Advice of the author. If each daughter-in-law would put herself in the place of her son's mother, and each mother-in-law remembered how she herself was once the daughter-in-law, there would be much less conflict between them. Every person has his weaknesses. It is necessary to try not to put pressure on the sore corn, but on the contrary, to protect each other from unrest. Then the relationship will gradually improve, and the phrase "I hate my mother-in-law" will sound less and less.

Extreme measures

If the mother-in-law behaves extremely inadequately, does not go to any negotiations and frankly spoils you, distance yourself. Stop talking to her at all. Do not attend family activities, do not answer the phone calls, do not let them go to your home in the absence of her husband. Clearly state the position that you will not allow yourself to talk and act like that. In this case, with her husband do not discuss his mother, do not complain about her and do not cry. Stop being a victim.

When living together, clearly share responsibilities. Living on the same territory as a mother-in-law is always hard. Comfort yourself that it is temporary, drink a sedative. At the first opportunity, try to move to a separate housing.

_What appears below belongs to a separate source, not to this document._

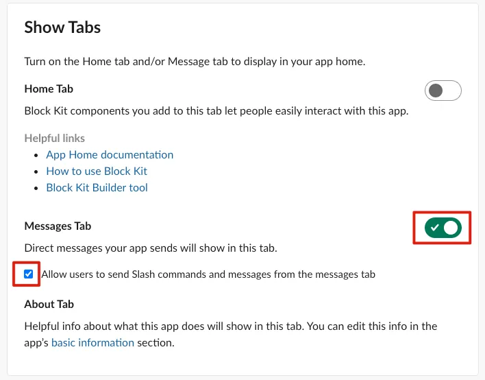 Scroll down to the “Show Tabs” section, enable the “Messages Tab” and “Allow users to send Slash commands and messages from the messages tab” (if this is not checked, you still can’t send messages, and it will show “Sending messages to this app has been turned off.”).

Before you say "I hate my mother-in-law," think about why you have this feeling. You can hate fierce enemies or offenders. But not immediately the mother-in-law became so bad. Probably, you untied a part of the conflicts yourself. Somewhere they threw an offensive phrase, did not accept help, turned off the advice. Try to admit that the responsibility for bad relationships lies with both of you. Now try changing that. Why you? Because the first step makes the one who is smarter. Make friends with the mother-in-law, and you will not regret it for a moment.